DDPM

Diffusion Image Generation

class lucid.models.imggen.DDPM(model: Module | None = None, image_size: int = 32, channels: int = 3, timesteps: int = 1000, diffuser: Module | None = None, clip_denoised: bool = True)

The DDPM class implements a Denoising Diffusion Probabilistic Model, following the original formulation by Ho et al. (2020). It is designed for image generation through iterative denoising of Gaussian-noised data.

This implementation is modular and supports custom noise prediction models and diffusion schedules, while defaulting to a U-Net and linear Gaussian \(\beta\)-schedule.

Total Parameters: 20,907,649 (Default)

DDPM architecture

Class Signature

class DDPM(
    model: nn.Module | None = None,
    image_size: int = 32,
    channels: int = 3,
    timesteps: int = 1000,
    diffuser: nn.Module | None = None,
    clip_denoised: bool = True,
)

Parameters

  • model (nn.Module | None): The noise prediction model \(\epsilon_\theta(\mathbf{x}_t, t)\). If not given, a default UNet is used.

    Required forward signature:

    def forward(self, x: Tensor, t: Tensor) -> Tensor
    

    where x is of shape (N, C, H, W) and t of shape (N,).

  • image_size (int): Size of the (square) input image.

  • channels (int): Number of channels in the input image.

  • timesteps (int): Total number of diffusion steps.
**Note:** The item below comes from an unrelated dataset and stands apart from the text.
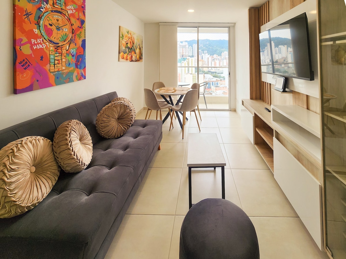 Disfruta de la comodidad de este alojamiento tranquilo y céntrico. Apartamento tipo loft equipado para una estadía placentera. Supermercado y spa en el mismo edificio. Ideal para nomadas digitales, recuperacion de cirugías, viajes de negocios, visitas familiares. Zonas comunes como piscina y gimnasio (disponible para reservaciones mayores a 30 dias y un costo adicional de $80.000)

Controls the length of the forward/reverse process.

  • diffuser (nn.Module | None): Module implementing the diffusion process. If not provided, defaults to GaussianDiffuser.

    Required methods in diffuser:

    def sample_timesteps(self, batch_size: int) -> Tensor
    def add_noise(self, x_start: Tensor, t: Tensor, noise: Tensor) -> Tensor
    def denoise(self, model: nn.Module, x: Tensor, t: Tensor, clip_denoised: bool) -> Tensor
    
  • clip_denoised (bool): Whether to clip final denoised outputs to [0, 1].

Returns

Use the forward method for training loss:

loss = ddpm(x)
  • loss (Tensor): MSE loss between true and predicted noise in the denoising process.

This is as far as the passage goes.